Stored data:
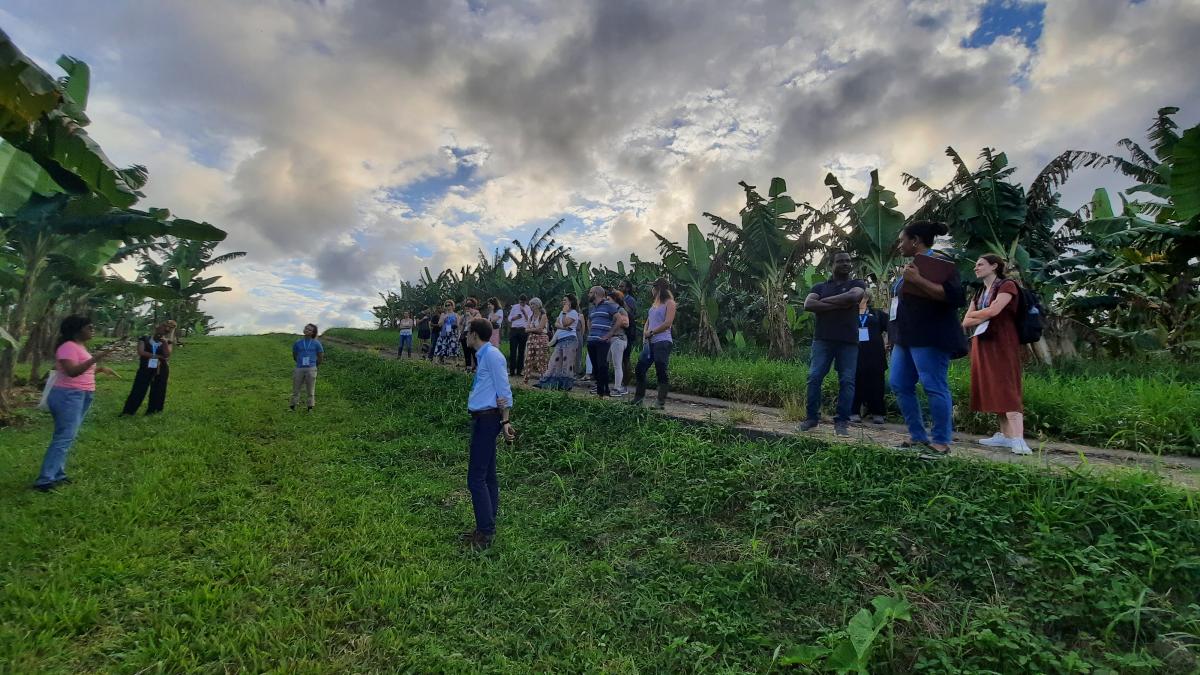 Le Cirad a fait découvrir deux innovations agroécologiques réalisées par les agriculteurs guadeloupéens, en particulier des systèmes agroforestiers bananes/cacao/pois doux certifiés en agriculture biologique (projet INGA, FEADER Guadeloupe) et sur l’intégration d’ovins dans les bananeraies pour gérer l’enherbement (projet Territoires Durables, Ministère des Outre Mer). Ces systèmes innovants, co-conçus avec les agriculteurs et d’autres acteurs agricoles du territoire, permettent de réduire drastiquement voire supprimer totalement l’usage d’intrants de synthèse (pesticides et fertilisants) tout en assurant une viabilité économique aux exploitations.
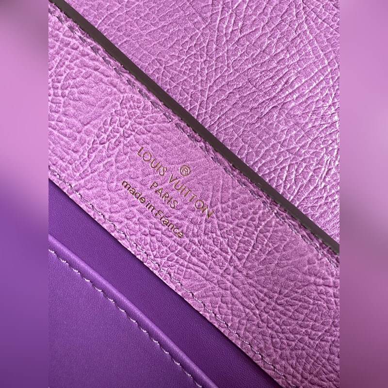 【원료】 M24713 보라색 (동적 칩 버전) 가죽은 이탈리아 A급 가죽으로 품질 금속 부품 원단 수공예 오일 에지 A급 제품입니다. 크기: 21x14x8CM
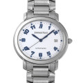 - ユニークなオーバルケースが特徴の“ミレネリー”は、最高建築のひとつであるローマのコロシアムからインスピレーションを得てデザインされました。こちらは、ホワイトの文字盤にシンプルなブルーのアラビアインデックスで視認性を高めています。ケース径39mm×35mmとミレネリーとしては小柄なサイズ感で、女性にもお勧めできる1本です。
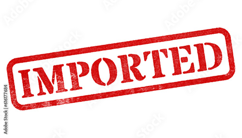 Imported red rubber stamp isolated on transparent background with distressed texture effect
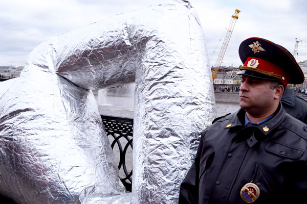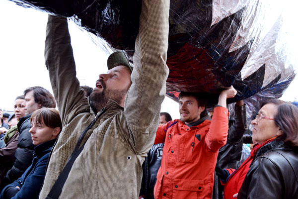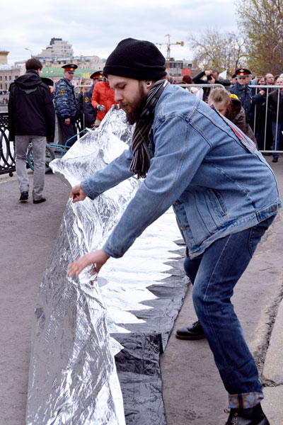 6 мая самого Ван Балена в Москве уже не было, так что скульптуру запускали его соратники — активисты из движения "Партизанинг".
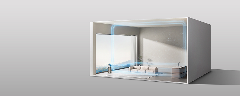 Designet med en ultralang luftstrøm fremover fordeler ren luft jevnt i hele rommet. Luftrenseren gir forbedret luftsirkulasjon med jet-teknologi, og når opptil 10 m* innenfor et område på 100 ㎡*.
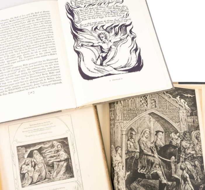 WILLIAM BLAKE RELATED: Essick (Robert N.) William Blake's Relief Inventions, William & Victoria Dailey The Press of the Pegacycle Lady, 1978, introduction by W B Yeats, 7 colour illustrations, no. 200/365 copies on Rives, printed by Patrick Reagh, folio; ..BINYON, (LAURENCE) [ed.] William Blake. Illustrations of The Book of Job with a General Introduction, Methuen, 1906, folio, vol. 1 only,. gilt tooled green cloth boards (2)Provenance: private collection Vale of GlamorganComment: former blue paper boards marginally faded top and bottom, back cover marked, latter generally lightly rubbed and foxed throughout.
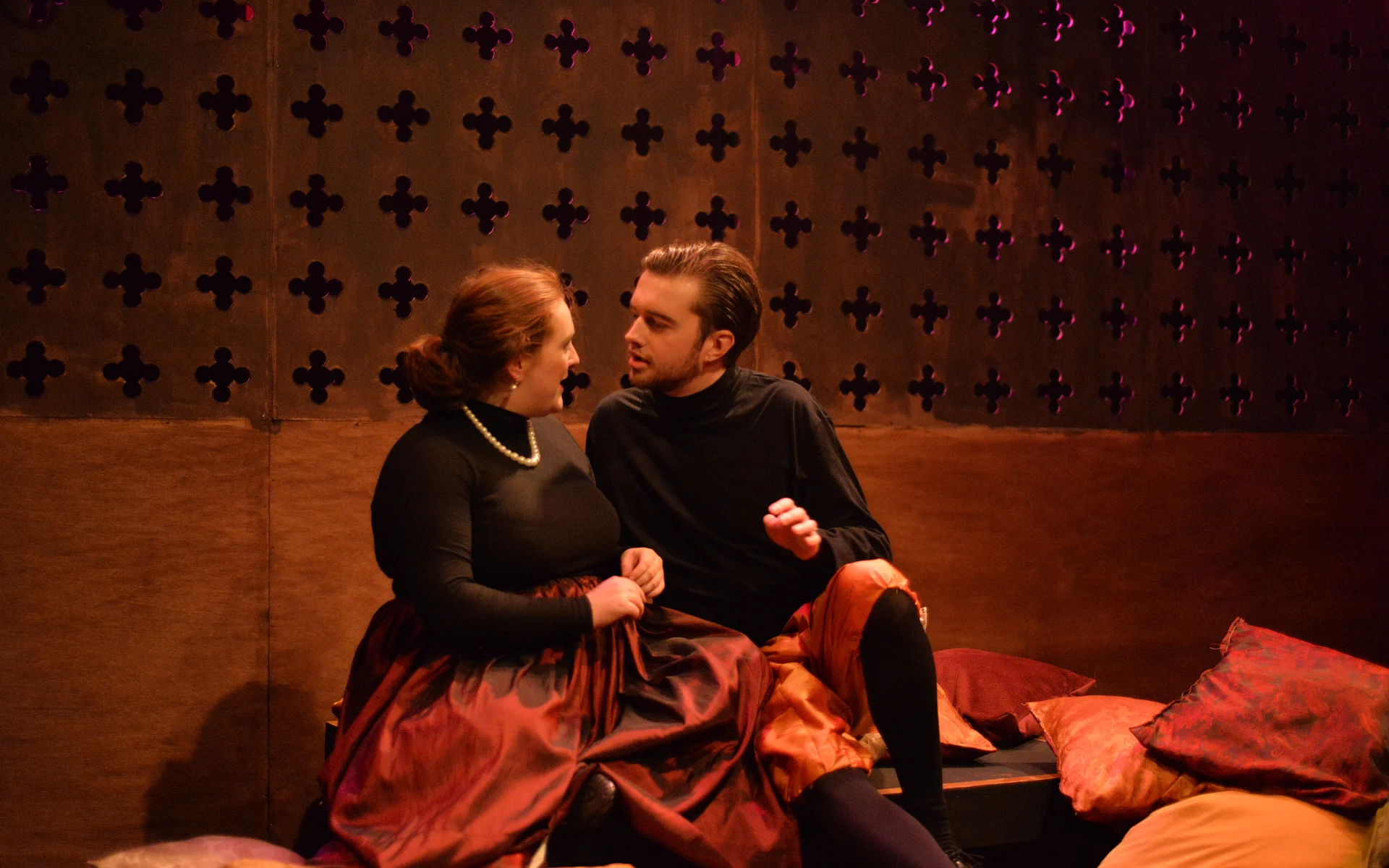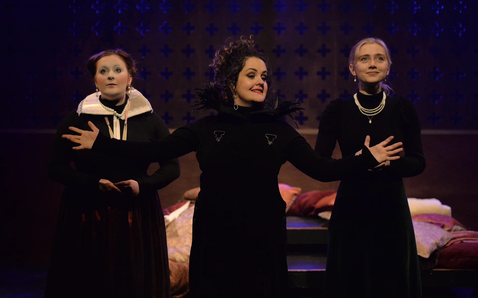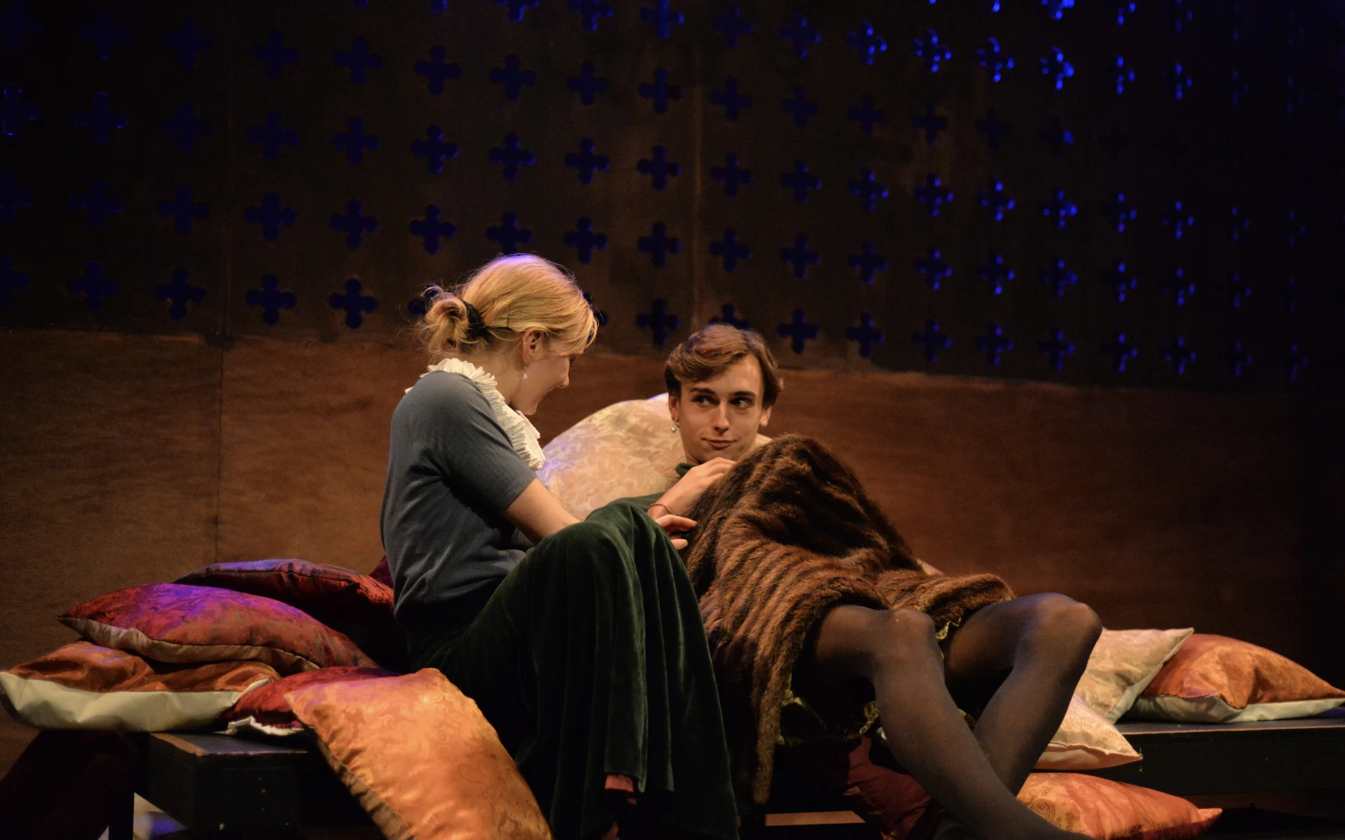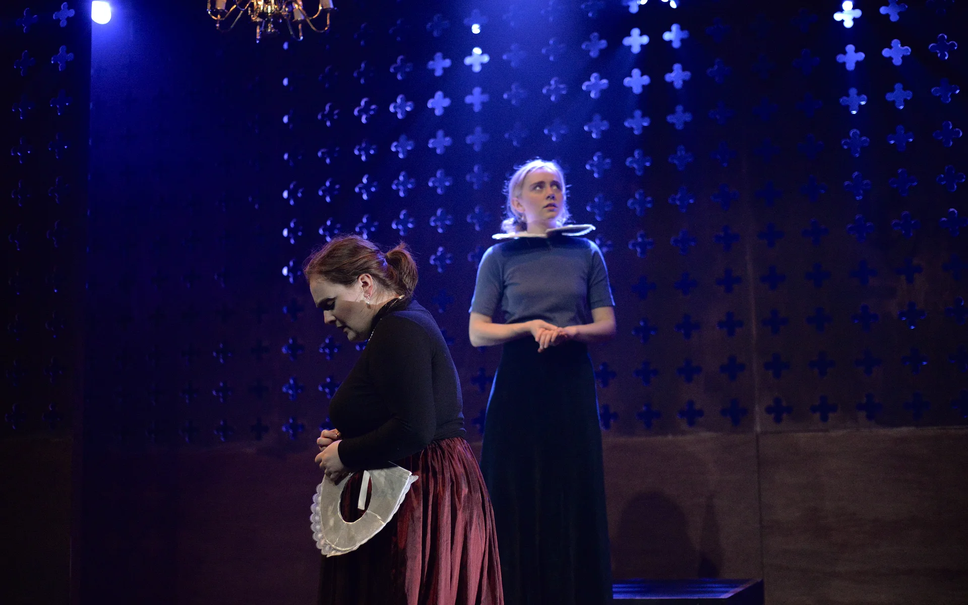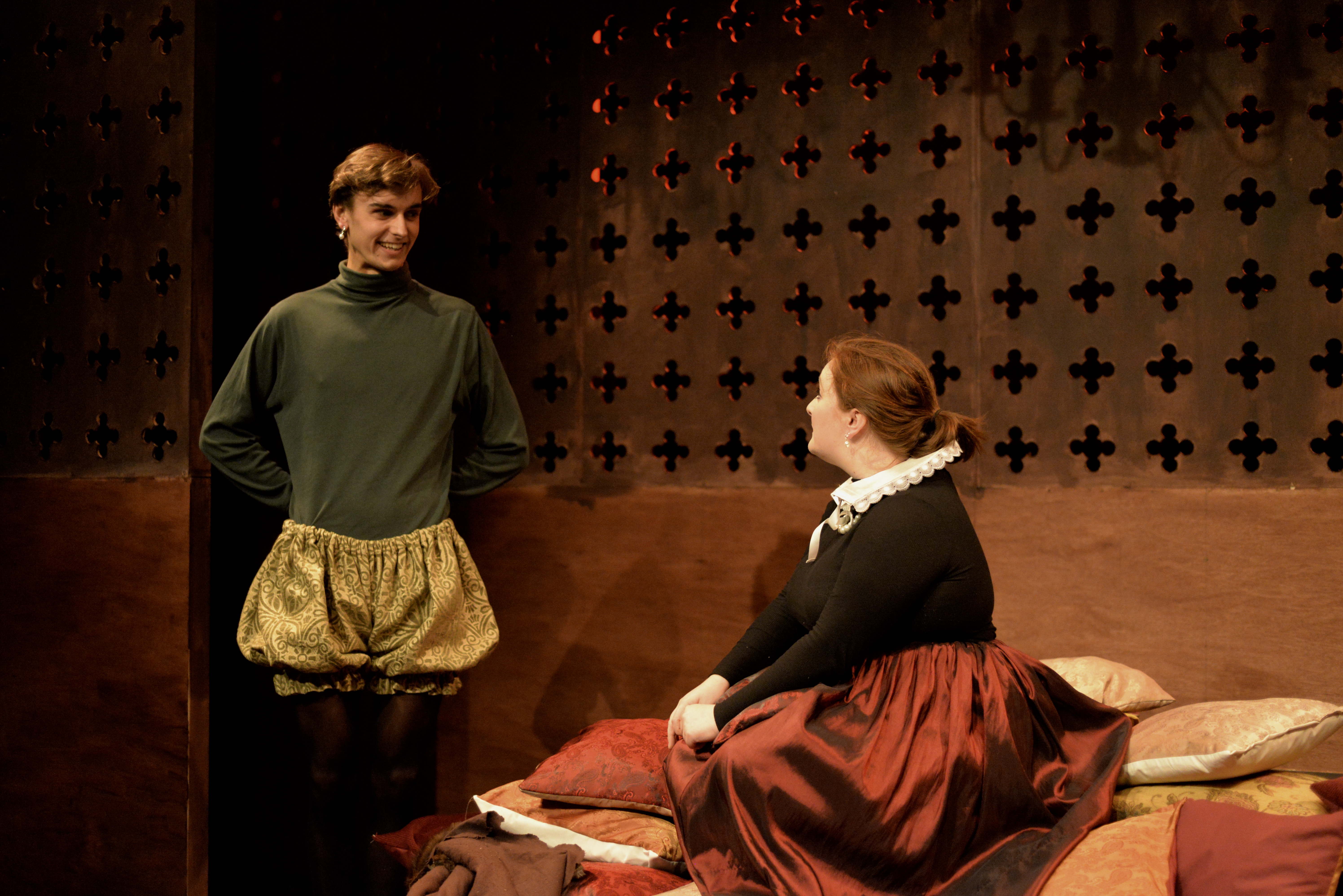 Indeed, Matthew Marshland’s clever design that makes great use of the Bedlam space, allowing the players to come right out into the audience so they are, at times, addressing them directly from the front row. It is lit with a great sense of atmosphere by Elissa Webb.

• **Exercise description**: For this exercise, reproduce the data above exactly from the line containing "Designet med en" through its final line, both ends included, with no pictures in the copy.

• **Solution for this task**:
 Designet med en ultralang luftstrøm fremover fordeler ren luft jevnt i hele rommet. Luftrenseren gir forbedret luftsirkulasjon med jet-teknologi, og når opptil 10 m* innenfor et område på 100 ㎡*.
 WILLIAM BLAKE RELATED: Essick (Robert N.) William Blake's Relief Inventions, William & Victoria Dailey The Press of the Pegacycle Lady, 1978, introduction by W B Yeats, 7 colour illustrations, no. 200/365 copies on Rives, printed by Patrick Reagh, folio; ..BINYON, (LAURENCE) [ed.] William Blake. Illustrations of The Book of Job with a General Introduction, Methuen, 1906, folio, vol. 1 only,. gilt tooled green cloth boards (2)Provenance: private collection Vale of GlamorganComment: former blue paper boards marginally faded top and bottom, back cover marked, latter generally lightly rubbed and foxed throughout.
 Indeed, Matthew Marshland’s clever design that makes great use of the Bedlam space, allowing the players to come right out into the audience so they are, at times, addressing them directly from the front row. It is lit with a great sense of atmosphere by Elissa Webb.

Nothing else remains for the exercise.